So I'm reading this old paper by Cauchy's from 1847, and at one point, he merely states without proof the following identity: let $n$ be an odd prime number, and let $\rho$ be an $n^{\text{th}}$ root of unity. Then $$\prod_{k=1}^{n-1} (1-\rho^{k}) = n .$$ Due to the fact that Cauchy states it without proof and without reference to where proof can be found, I can only assume that it mustn't be too difficult. Nevertheless, I am unable to prove it on my own, and if it is a standard identity (and it certainly looks familiar), I have been unable to find it by googling it.

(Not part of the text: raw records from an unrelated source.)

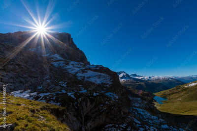 Lake surrounded by the swiss alps (Partnunsee, Switzerland)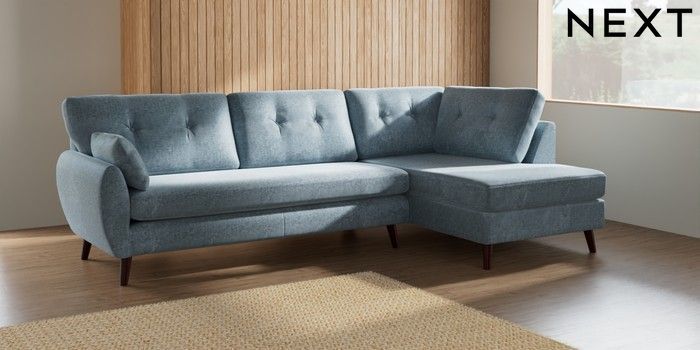 7.2.6 Buy Wilson Buttoned Back Large Corner Chaise - Right Hand Plush Chenille Light Blue Retro Tapered - Dark Brown from the Next UK online shop Click here to use our accessible website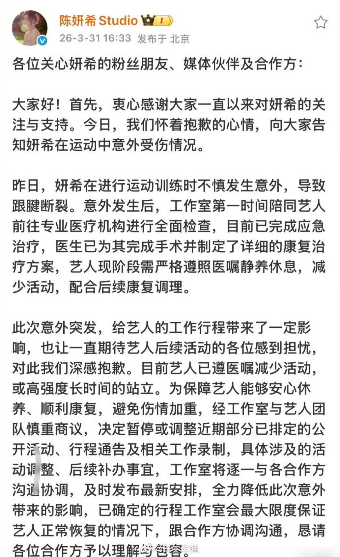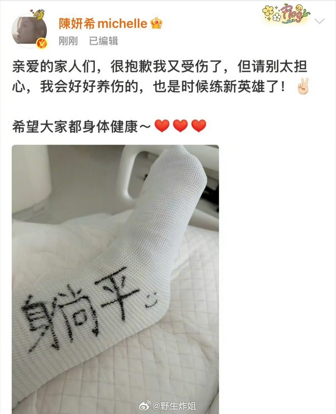 我的天啊,陈妍希在运动的时候,不小心给自己给整成跟腱断裂了,这也是直接喜提石膏了 ,心态还挺好,还给画了笑脸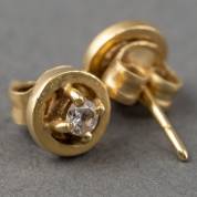 Paar 14kt gouden oorstekers gezet met briljantgeslepen diamantje, brutogewicht 1,9 gram, circa Ø 0,6 cm

Any and all help would be appreciated.
Actually, this is a consequence of the fundamental theorem of algebra. Indeed, the $n^\mathrm{th}$ roots of unity, namely $z_k = \rho^k$, $k = 0,1,2,\ldots,n-1$, where $\rho = e^{2\pi i/n}$, are defined as the roots of the polynomial $z^n - 1$, which can be factorized as $$ z^n - 1 = \prod_{k=0}^{n-1} (z-z_k) = (z-1) \prod_{k=1}^{n-1} (z-\rho^k) $$ thanks to the said theorem, hence $$ \prod_{k=1}^{n-1} (z-\rho^k) = \frac{z^n-1}{z-1} $$ and finally $$ \prod_{k=1}^{n-1} (1-\rho^k) = n $$ by evaluating the expression at $z = 1$ with the help of L'Hospital's rule.